# Ebling rear blade for tractor questions



## rlong97150 (Sep 3, 2010)

My new tractor will be here at the end of May and I want to purchase the Ebling this summer so I can get the best deal. The tractor is a Case IH Farmall 105U with R1's. Turns out I couldnt get the Nokian tires as part of the deal w/o coming out of pocket like 4k. So which Ebling do I want? There appears to be a 8 ft with a 24 inch moldboard or a 8.6 foot with 30 inch moldboard. Both are 16 foot when expanded. There is a 250 dollar difference between the two.

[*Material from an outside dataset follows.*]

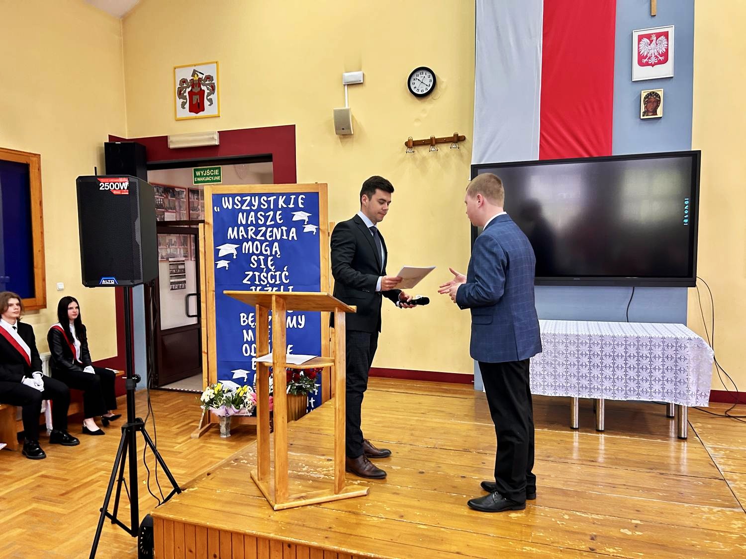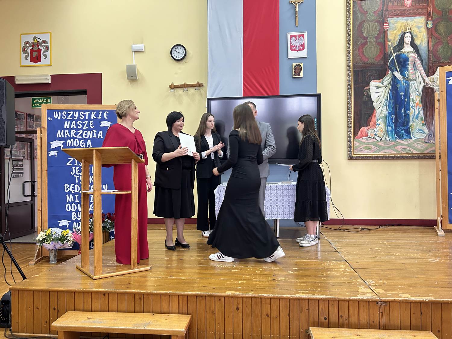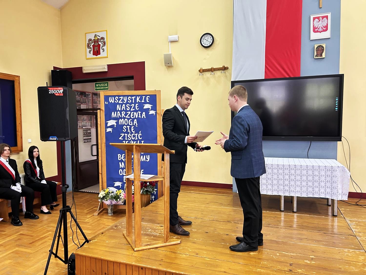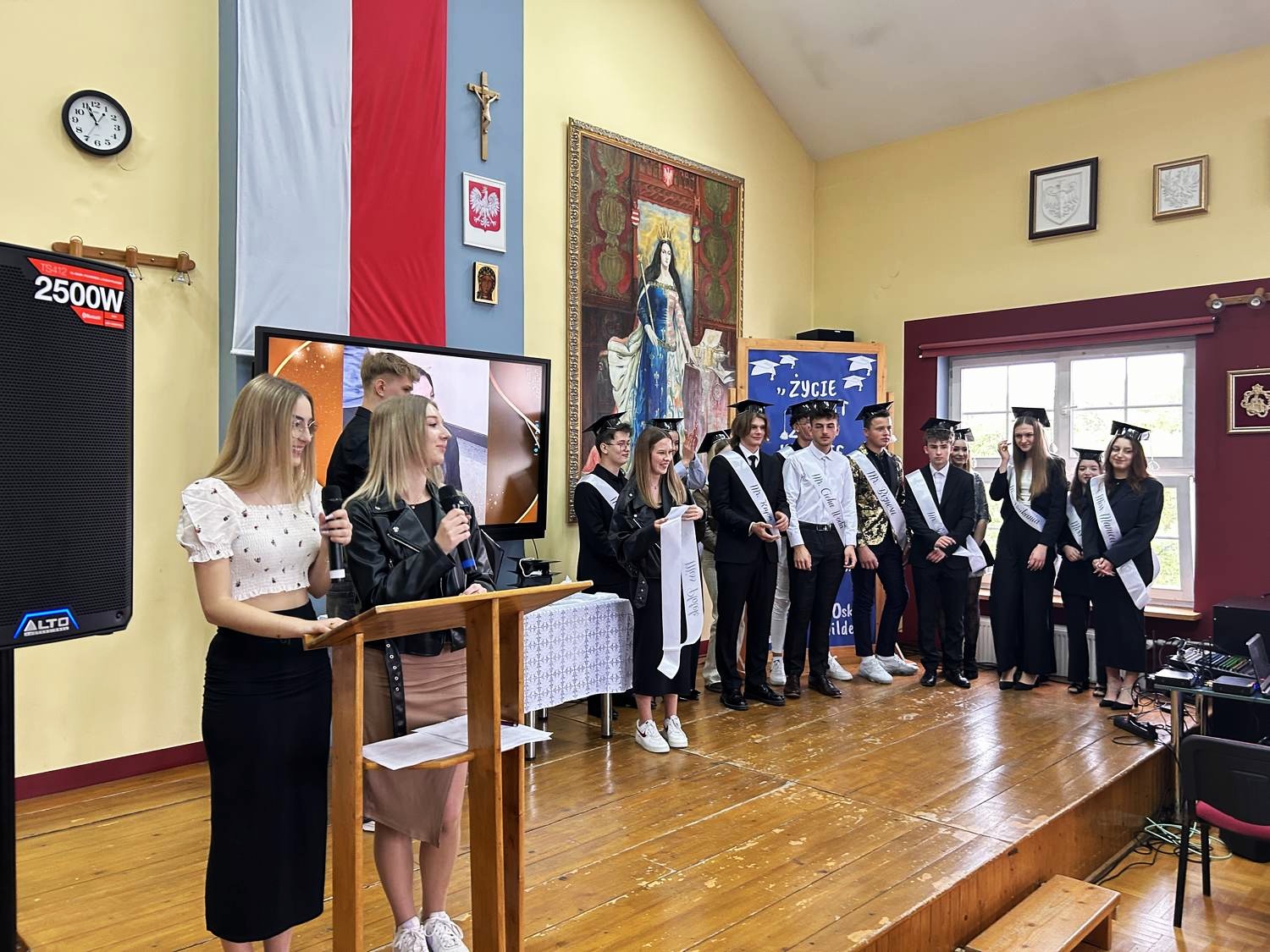 Druga część uroczystości odbyła się w auli szkolnej, była prowadzona przez Maturzystkę Weronikę Wrzyszcz. Po wprowadzeniu Sztandaru i odśpiewaniu Hymnu Narodowego głos kolejno zabierali Pani Dyrektor, Pan Wójt, Pani Wychowawczyni a także Przewodniczący Rady Rodziców, który rozdał uczniom symboliczne podarunki.

I just want to ensure that the larger of the two is not too much for the tractor.

Still up in the air as to what to do out front. Ebling offers Blizzards but I am leary of the quality and I have no local dealer support. The Horst Snow-wing is too much money in combination with the Ebling. I am leaning towards an 8 foot Arctic Sectional. That way I still have my loader on so I can switch to my bucket if I need to.

Thanks

Bob


----------



## JD Dave (Mar 20, 2007)

Your tractor will weigh about 8k plus the loader so it's debatable which one to get. I'd probably go with the 24" one. I can give you a price on one if you want, you can either pick it up directly from Ebling or I will ship it from there.


----------



## MIDTOWNPC (Feb 17, 2007)

I say just get a standard pusher for your bucket with a trip edge. Although that artic is a great blade by the looks of things and even though it scrapes great and will save you salt ect ect your going to be covering what you just scraped clean when you have your ebling down so there is really no benefit of that more expensive artic. 

also your going to be backing over your pile that the ebling made and then pushing alot of big heavy lumps so I dont know how that artic would hold up. 

10ft trip edge pusher?


----------



## rlong97150 (Sep 3, 2010)

Dave, would like to get a quote from you on that but I dont have enough posts to PM you. Let me know what information you need from me. I am about 2 hrs south of Chicago.

You do raise a concern I have with the Arctic. I am pretty gentle with my equipment but I do see where you have to be very careful with piling and such. I know that Boss is coming out with a smaller version of their pusher for skidsteers so that might be a better option for me. I do have car dealerships and banks where I plan to use the Ebling for clearing and whatever is on the front for grouping and piling. I know that I want a steel edge and like the floating sides of the Arctic and Boss. 

Does anyone have any experience with the Boss pusher?

Thanks

Bob


----------



## JD Dave (Mar 20, 2007)

Arctic pushers are a very good choice for farm loaders as they make it near impossible to bend your loader. You can email me at [email protected]


----------



## SNOWLORD (Aug 10, 2007)

JD Dave;1281960 said:


> Arctic pushers are a very good choice for farm loaders as they make it near impossible to bend your loader. You can email me at [email protected]


Yes instead of bending your loader arms you bend the Arctic pusher or snap blocks. lol I do agree with you on this just thought I would fill in the rest of it.


----------



## IMAGE (Oct 21, 2007)

JD Dave;1281960 said:


> Arctic pushers are a very good choice for farm loaders as they make it near impossible to bend your loader.


I almost fell off the couch when I read that!


----------



## JD Dave (Mar 20, 2007)

IMAGE;1282028 said:


> I almost fell off the couch when I read that!


Snowlord did finish the rest of my sentence and I nearly fell of the couch laughing when I read his post. LOL


----------



## StuveCorp (Dec 20, 2005)

Sounds like a cool setup, can't wait for pictures. I've been eyeing up the Case U's for a snowblower tractor so would love to hear about them.


----------